An environmentalist, a top TNF official and a timber industry representative had different takes on what the timber harvest numbers meant.
“This is one of the most famous national forests in the country, and they’re basically treating it like a fiber farm,” criticized Chad Hanson, a Chicago Park environmentalist who is on the Sierra Club’s national board of directors.
“That’s a lot of logging. Especially in this day and age,” said Hanson, who brought the timber harvest numbers to The Union’s attention. “These are mature and old-growth trees.”
TNF Supervisor Steve Eubanks said the 87 million board feet “in itself doesn’t mean anything.”
He pointed out that TNF only sold 28 million board feet of timber last year. The reason that more was cut is that, following a timber sale, timber companies can wait up to three years to log. So last year’s timber harvest totals included sales from previous years, he said.

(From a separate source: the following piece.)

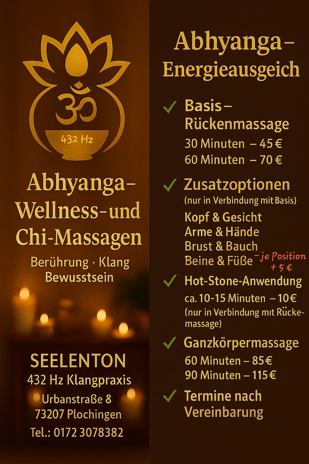 Mit hochwertigen Ölen, sanften Streichungen und harmonischer Energiearbeit – begleitet von natürlichen 432 Hz-Klängen – werden Verspannungen gelöst, die Durchblutung angeregt und tiefe innere Ruhe erfahrbar.

“We haven’t sold that much for a while,” Eubanks said, adding, “Even if we were selling 87 million board feet a year, that’s technically sustainable.”
Eubanks said that the 34 million board feet of biomass included slash – tree tops and limbs – taken away during logging to reduce fire danger.
“We’re doing exactly what (critics) say they want us to do,” by removing that biomass, Eubanks said.
Hanson, who opposes all commercial logging in national forests, said biomass sales can cause environmental damage.
“Biomass is not small stuff,” he said. “We’re talking about trees that can be 80 feet tall. You can decimate a forest,” Hanson said, through biomass removal.
Donn Zea, president of the Auburn-based California Forest Products Commission, said that annual tree growth on the TNF equals about 400 million board feet.
“So if you’re cutting 50 million board feet (of saw timber), and you’re growing 400 million board feet … and (environmentalists) are still complaining, you’ve got to ask why,” Zea said. “In light of an increasing body of science, to be on record for zero cut is to be out of touch.”
“The TNF seems to be getting it done in terms of getting that (wildfire) fuel out of there,” he said.
The 87 million board feet of timber cut last year on TNF is second only to the Chequamegon-Nicolet National Forest in northern Wisconsin, which cut 120 million board feet of timber.
A board foot is a one-inch thick piece of lumber 12 inches square.